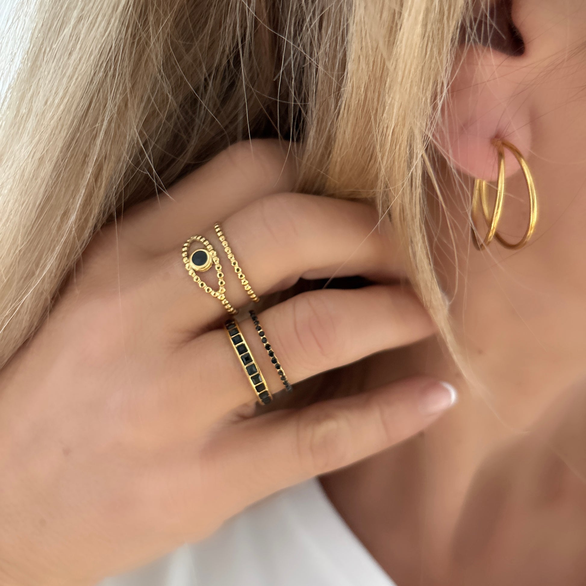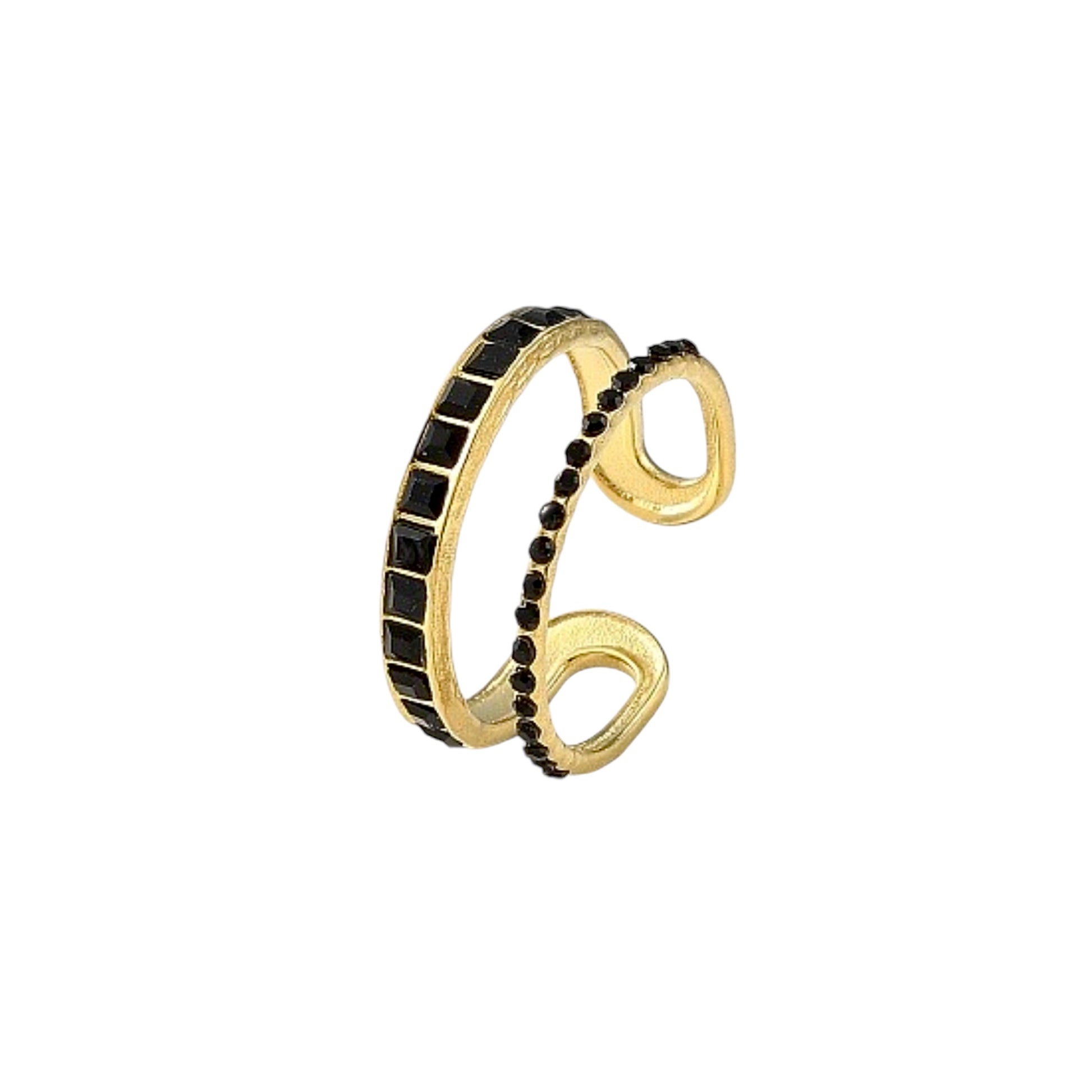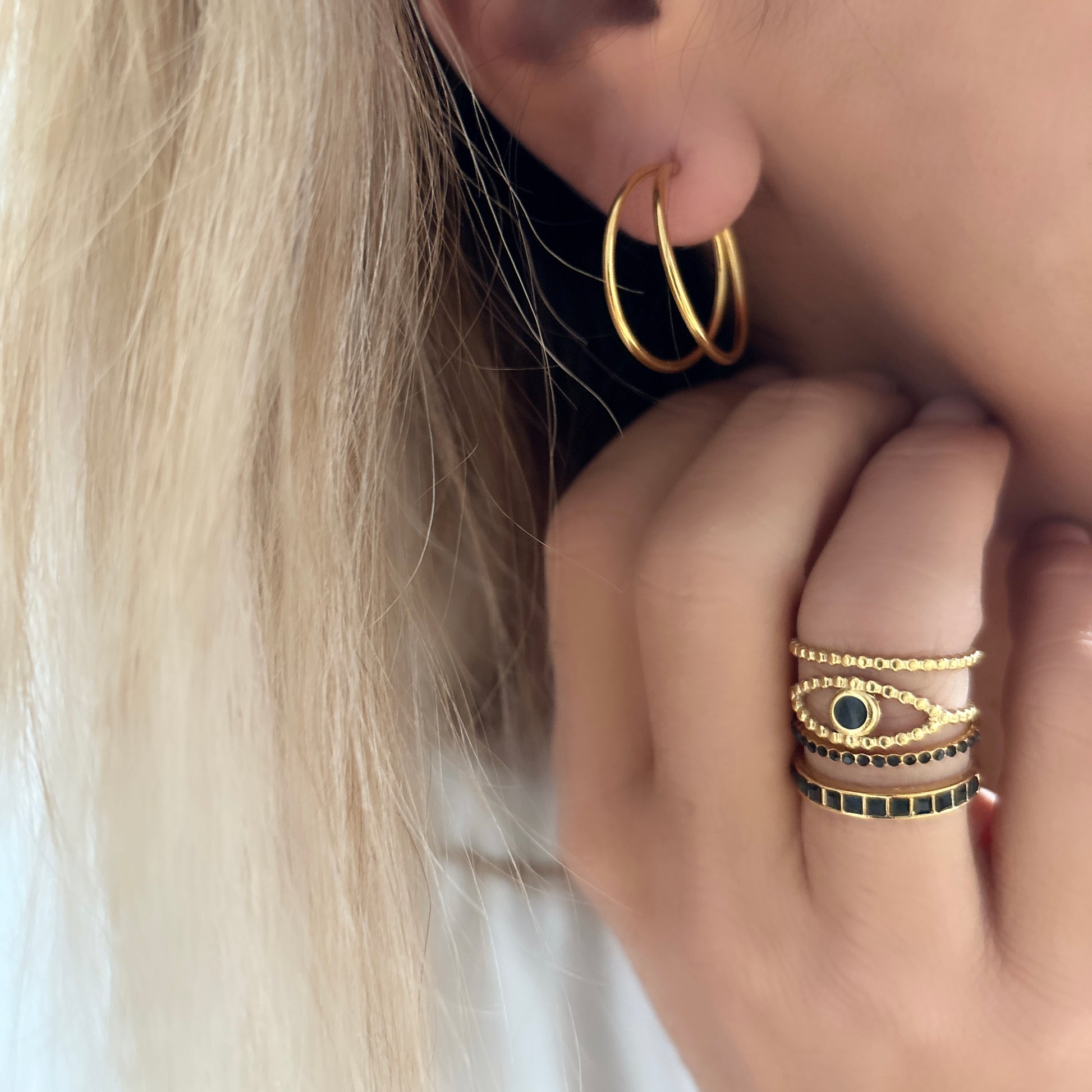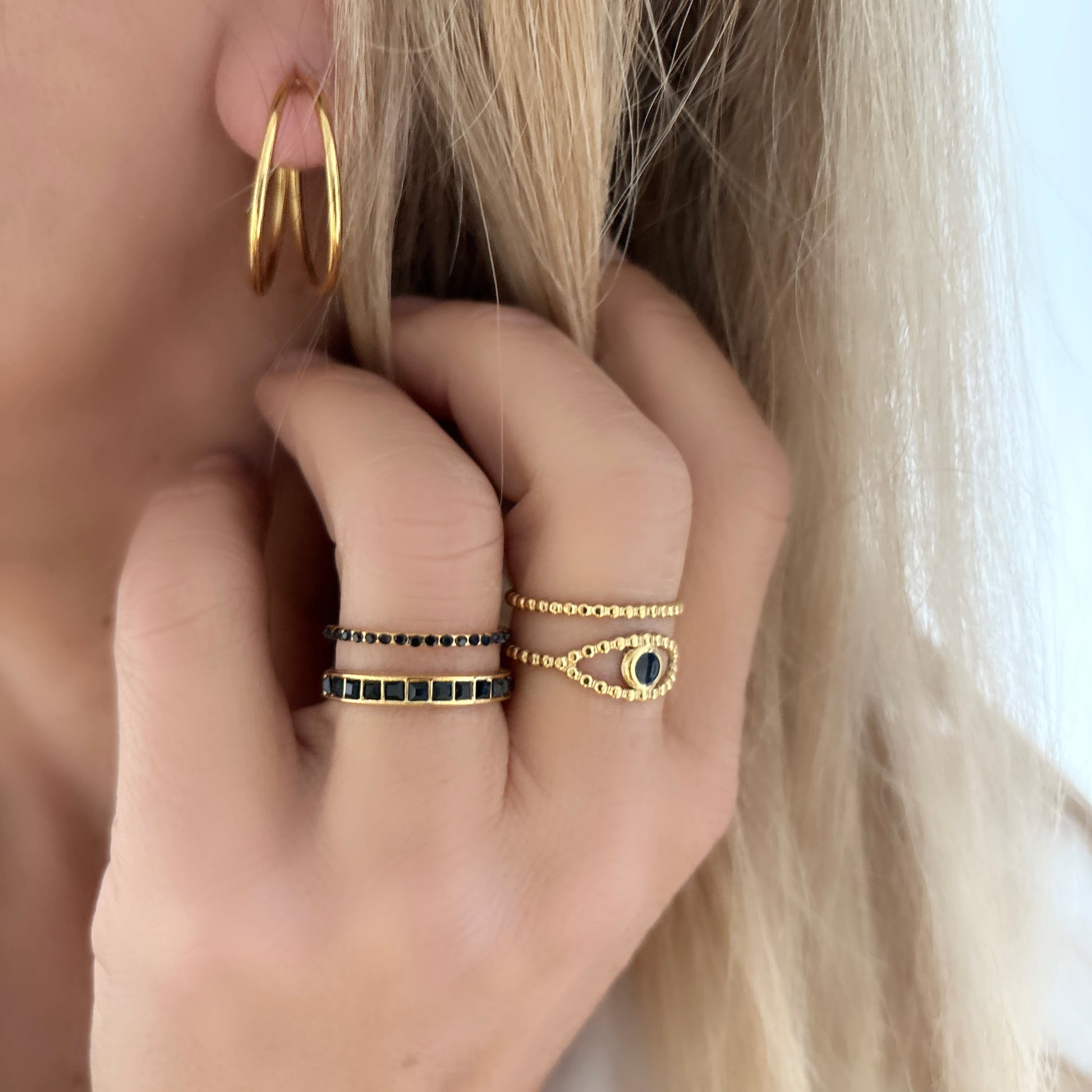 Rehaussez votre collection de bijoux avec les bagues IOLI. Ces bagues délicates à double bande présentent un design fascinant de mauvais œil, complété par de l'émail noir et des cristaux noirs étincelants. Faites une déclaration audacieuse et élégante avec ces superbes bagues.
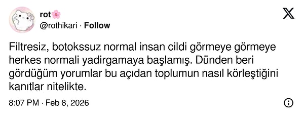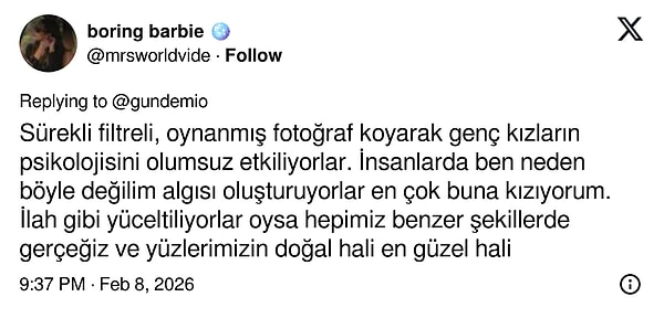 Kısa sürede yayılan görüntü sonrası bazı kullanıcılar “Böyle de çok güzel, gerçek haliyle harika” yorumları yaparken, bazıları ise “Filtresiz hali hiç iyi değil” demekten çekinmedi.
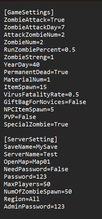 Create the Game.ini file (this is a text file) under .\steamapps\common\NoOneSurvivedServer\WRSH\Saved\Config\WindowsServer\ or download [url=https://1drv.ms/u/s!AhvGbZ0VZWm3ggcOis6XuPRmtY3y?e=MxanRv]it[/url] here

What needs to be done: Find the line containing "Kısa sürede yayılan" in the listing above. Restate it and every line after it, word for word, through the final line, leaving out the pictures.

Exercise solution:
 Kısa sürede yayılan görüntü sonrası bazı kullanıcılar “Böyle de çok güzel, gerçek haliyle harika” yorumları yaparken, bazıları ise “Filtresiz hali hiç iyi değil” demekten çekinmedi.
 Create the Game.ini file (this is a text file) under .\steamapps\common\NoOneSurvivedServer\WRSH\Saved\Config\WindowsServer\ or download [url=https://1drv.ms/u/s!AhvGbZ0VZWm3ggcOis6XuPRmtY3y?e=MxanRv]it[/url] here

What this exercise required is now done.